Ok so My little gu being not even a year old (2011 Varnyard) just got up from hibernation a week or two ago. Everything has seemed fine eating good but seeming extra lazy but i figured that was from just wakeing up but recently (past couple days) he hasnt been eating as much and last night i noticed his toes are like sghaking/twitching and he's not very active he gets up late then just lays by the door of his cage all night. I know its not MBD he has a solar glow MVB and a reptisun and he's been fine.

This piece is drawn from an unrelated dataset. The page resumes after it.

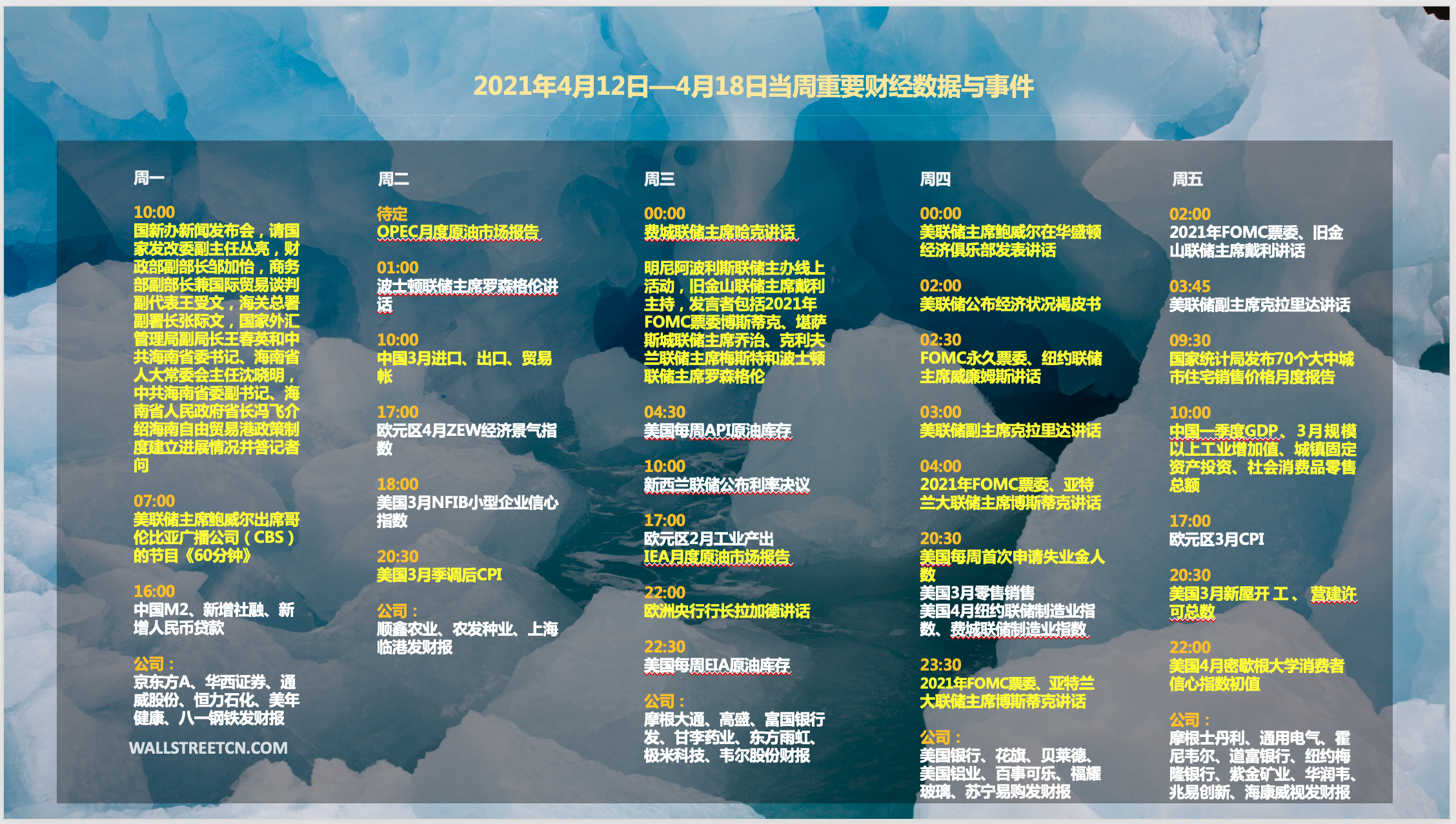 周三(4月14日),欧洲央行行长拉加德发表讲话,明尼阿波利斯联储主办题为“种族主义和经济:专注于经济学界”的线上活动,旧金山联储主席戴利主持,发言者包括2021年FOMC票委博斯蒂克、堪萨斯城联储主席乔治、克利夫兰联储主席梅斯特和波士顿联储主席罗森格伦;2021年FOMC票委、里奇蒙德联储主席巴尔金发表讲话;费城联储主席哈克在一场线上活动发表讲话;新西兰联储公布利率决议

I noticed however he has some shed that looks like it might be stuck could that be it(bad shed) his humidity has been kinda low (having some trouble keeping it up rate now for some reason).
*Some info:*I dont have current Temps but usually his basking spot was 110 roughly And the cool side in the 80's 
He's on cypress mulch
Hasnt shed yet (sence he woke up)
ill post some pics or maybe upload a video when i get home later and ill get new temp readings

*So my questions are:*
1. Could a lack of variety in his food cause it
2. Could him haveing a bad shed cause the shaking and not moveing arount much i read somewhere about how if they have trouble shedding they will shake/twitch
3. is it just him being lazy coming out of hibernation?
4.could it be lack of calcium?


----------



## laurarfl (May 15, 2012)

1. yes
2. can't see the tegu, but shedding will not cause tremors like movements that arise from low calcium levels
3. prob not
4. most likely cause

Having a good UVB source is great, but if he is sleeping then he is not utilizing it. Plus, calcium is necessary from the diet. The UVB helps the body manufacture VitD which then helps the body metabolize calcium. Calcium is soooo important for muscle contraction and relaxation. If the circulating levels in the blood get too low, then a hormone is released that tells the bones to release calcium into the bloodstream so that important muscles such as the heart, other organs, and skeletal muscles can function.

If you cannot obtain oral gluconate, then give calcium powder and feed a meal of whole prey such as rodents, checks, etc. Even chopped up chicken necks would be awesome. Temps sound good, and maybe some natural sunlight for an hour a day while recovers. With calcium supplementation and a good source of UVB, he should recover within a few days. Then reassess the diet and supplementation. Sounds like he is growing and demanding more calcium. And of course, consult a vet if he gets worse, doesn't get better, or for medical attention.


----------



## corruptphantasm (May 15, 2012)

Ok thank you i think its the calcium too last night i got him to eat some ground turkey that i put some calcuim powder on should i keep giving him the calcium or vary it like every other day.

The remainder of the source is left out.